Source URL: https://simonwillison.net/2025/Jun/14/multi-agent-research-system/#atom-everything
Source: Simon Willison’s Weblog
Title: Anthropic: How we built our multi-agent research system
Feedly Summary: Anthropic: How we built our multi-agent research system
OK, I’m sold on multi-agent LLM systems now.
I’ve been pretty skeptical of these until recently: why make your life more complicated by running multiple different prompts in parallel when you can usually get something useful done with a single, carefully-crafted prompt against a frontier model?
This detailed description from Anthropic about how they engineered their “Claude Research" tool has cured me of that skepticism.
Reverse engineering Claude Code had already shown me a mechanism where certain coding research tasks were passed off to a "sub-agent" using a tool call. This new article describes a more sophisticated approach.

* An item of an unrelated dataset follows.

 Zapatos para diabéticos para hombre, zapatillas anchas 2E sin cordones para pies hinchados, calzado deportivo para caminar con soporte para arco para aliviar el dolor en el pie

They start strong by proving a clear definition of the term "agent":
A multi-agent system consists of multiple agents (LLMs autonomously using tools in a loop) working together. Our Research feature involves an agent that plans a research process based on user queries, and then uses tools to create parallel agents that search for information simultaneously.
Why use multiple agents for a research system?

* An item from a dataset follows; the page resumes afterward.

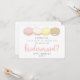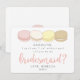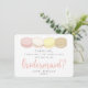 Ask your best girls to stand with you with these beautiful cards. Rounded rectangle cards feature a row of French macarons in pastel hues of ivory, yellow, pink and tan, with a combination of chic minimalist grey and peachy pink handwritten style lettering. Add your bridesmaid's name, your name and your wedding date for a sweet personalized keepsake. Default body text reads, "I can't say I do without you! Will you be my bridesmaid?" and can be altered if desired.

The essence of search is compression: distilling insights from a vast corpus. Subagents facilitate compression by operating in parallel with their own context windows, exploring different aspects of the question simultaneously before condensing the most important tokens for the lead research agent. […]
Our internal evaluations show that multi-agent research systems excel especially for breadth-first queries that involve pursuing multiple independent directions simultaneously. We found that a multi-agent system with Claude Opus 4 as the lead agent and Claude Sonnet 4 subagents outperformed single-agent Claude Opus 4 by 90.2% on our internal research eval. For example, when asked to identify all the board members of the companies in the Information Technology S&P 500, the multi-agent system found the correct answers by decomposing this into tasks for subagents, while the single agent system failed to find the answer with slow, sequential searches.

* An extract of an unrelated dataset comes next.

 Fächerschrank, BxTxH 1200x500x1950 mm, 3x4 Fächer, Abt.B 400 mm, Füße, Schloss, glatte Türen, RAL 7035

As anyone who has spent time with Claude Code will already have noticed, the downside of this architecture is that it can burn a lot more tokens:
There is a downside: in practice, these architectures burn through tokens fast. In our data, agents typically use about 4× more tokens than chat interactions, and multi-agent systems use about 15× more tokens than chats. For economic viability, multi-agent systems require tasks where the value of the task is high enough to pay for the increased performance. […]
We’ve found that multi-agent systems excel at valuable tasks that involve heavy parallelization, information that exceeds single context windows, and interfacing with numerous complex tools.
The key benefit is all about managing that 200,000 token context limit. Each sub-task has its own separate context, allowing much larger volumes of content to be processed as part of the research task.
Providing a "memory" mechanism is important as well:
The LeadResearcher begins by thinking through the approach and saving its plan to Memory to persist the context, since if the context window exceeds 200,000 tokens it will be truncated and it is important to retain the plan.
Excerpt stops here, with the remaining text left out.